One possibility to treat this problem is to tend the
gyromagnetic ratio $g$ in the initial equation to $2$ along with
$R\to 0$. This can be viewed as some renormalization of $g$. Thereby two cases
have to be distinguished. Firstly,
when the flux is less than unity, $g-2$ tend to zero
proportional to $R^{2\delta}$, eq. (\ref{sub}). For $g>2$, there is one bound
state, its energy is given by eq. (\ref{sub1}). This is essentially
the same situation as in the method of self adjoint extension
and the parameter $\lambda$ of the extension can be related to
the gyromagnetic ratio, eq. (\ref{sub2}). Thereby the dependence
on the parameters of the models used enters the renormalization
(\ref{sub}) of the gyromagnetic ratio only. Such a renormalization
is known in the mathematical approach \cite{BerFadd}, too. For
the scattering amplitude there is a contribution in addition to
the usual Aharonov-Bohm scattering (eq. (\ref{B0})). It is given
by the same formula as in the method of extension, eq.
(\ref{27}). So, for $\delta <1$ both approaches are equivalent.

A different feature one observes for flux larger than unity. In
order to keep all bound state energies finite, one is forced to
tend $g-2$ to zero proportional to $R^2$, eq. (\ref{sub3}),
i.e. much faster than in the previous case. Thereby the energy
of the state $\kappa_N$ (with the highest angular momentum
$m=N$) tends to zero whereas for $m=0,1,\,...\,,N-1$ the energies
$\kappa_m$ are finite. The additional scattering in this case
takes place for $m=N$ only, eq. (\ref{62}); for
$m=0,1,\,...\,,N-1$, $B_m(k)$ (eq. (\ref{63})) vanishes for fixed parameters.
This is clear because the wave functions in this case are concentrated
in the region of small $R$. For sufficiently high momenta $k$ scattering
can be expected in this case too.
So we conclude, that for flux larger than one both approaches yield
different results. This must be not a contradiction by the following reason.
In the method of self adjoint extension, the input information, which is
contained in the Hamilton operator (\ref{15}) makes no reference to the
magnetic moment of the particle as well as not to the magnetic field and,
moreover, no reference to the integer part $N$ of the magnetic flux by
means that it enters in the combination $m-\delta$ only.

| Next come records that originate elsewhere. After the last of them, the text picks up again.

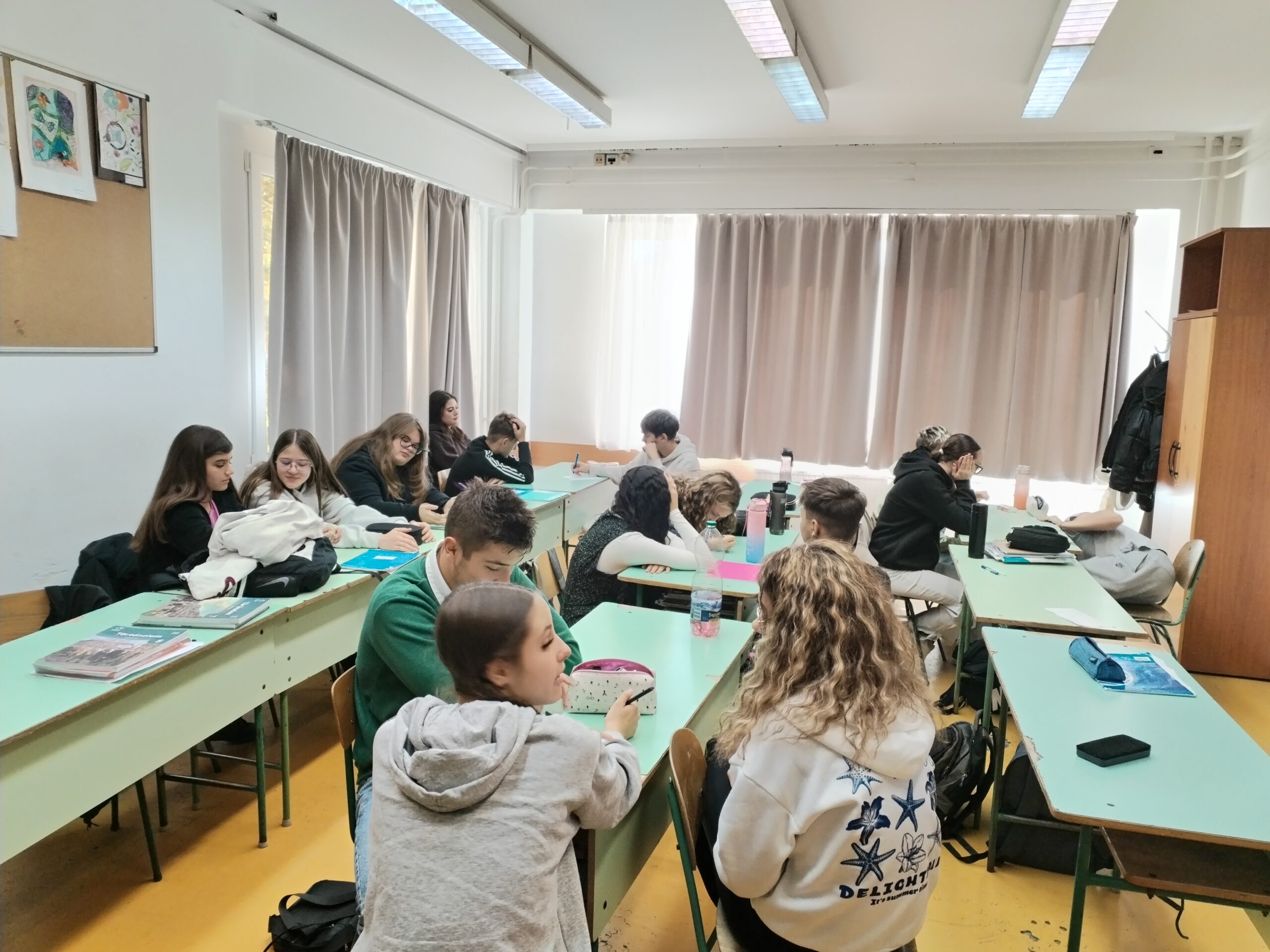 Először a gyerekek felsorakoztak a terem két vége közötti képzeletbeli 1-10-es skálán annak megfelelően, hogy hogyan érzik magukat most, ha visszatekintenek a hetükre. Aztán megosztás következett. A gyerekek őszintén megnyíltak örömeikről, bánataikról és érdeklődve hallgatták a rövid indoklásokat.
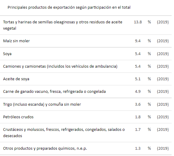 De acuerdo con datos suministrados por la CEPAL, los mayores productos que exporta Argentina están relacionados con la agroindustria y sus derivados. En 2019, las tortas y harinas de semillas oleaginosas y otros residuos de aceite vegetal, representaron el 13,8% del total de las exportaciones, seguidos por maíz sin moler (9,4%), soya (5,4%) y camiones / camionetas (5,4%).
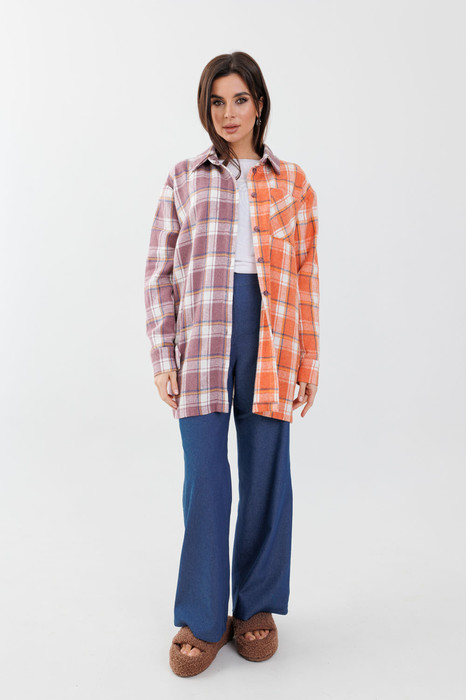 Рубашка женская оверсайз, удлинённая. Спущенная линия плеча, рукав длинный, низ обработан фигурным манжетом. Горловина обработана рубашечным воротником на стойке. По переду застежка на петли пуговицы, на левой половинке переда нагрудный карман. Рубашка двух цветов, из клетки, будет отличным дополнением вашего образа и при этом в ней вам будет тепло и уютно.

So, as from the
other method it is known, that the existence of boundstates requires $g>2$.
In the same manner we conclude that the extension is applicable for flux
less than one only, i.e. that a flux larger than one is too singular and
cannot be described by the method of self adjoint extension.

The physically interesting case is to keep the flux tube radius
small, but finite. The natural scale for the smallness of $g-2$
is given by the anomaly $a_e=(g-2)/2$ (\ref{ae}) of the magnetic
moment of the electron and by the requirement the radius of the
tube being not too small in order to have nonrelativistic bound
state energies $\kappa_m<<m_e$ ($m_e$ - the electron mass)
because we use a nonrelativistic equation. Under this
conditions there are approximately $N+1$ bound states. The
exact number is given by eq. (\ref{bed2}) and depends on the
model used. However, this dependence is weak for small $a_e$ as
can be seen from eq. (\ref{bed2}) where $\alpha_i$ enters
multiplied by $g-2$. Furthermore, it should be emphasized that
the physical restrictions to $R$ and $g-2$ allow the flux tube
to be thin in that sense that $\kappa_mR<<1$ is possible, i.e.
the orbit size of the bound states is much larger than the
radius of the flux tube.

So, we conclude that for a gyromagnetic ratio larger than $2$
the flux tube cannot be shrinked to a line for real physical
parameters. A natural extension of these investigations would be
the consideration of the Dirac equation with additional magnetic
moment (i.e. including a term $(g-2)\sigma^{\mu\nu}F_{\mu\nu}$).
In that case, the limitation to the bound state energy being
nonrelativistic is not necessary and smaller $R$ can be
considered. Furthermore, one can speculate that the anomaly of
the magnetic moment, which is known to decrease in strong magnetic fields
\cite{Gu},  will eventually influnece the limit $R\to 0$.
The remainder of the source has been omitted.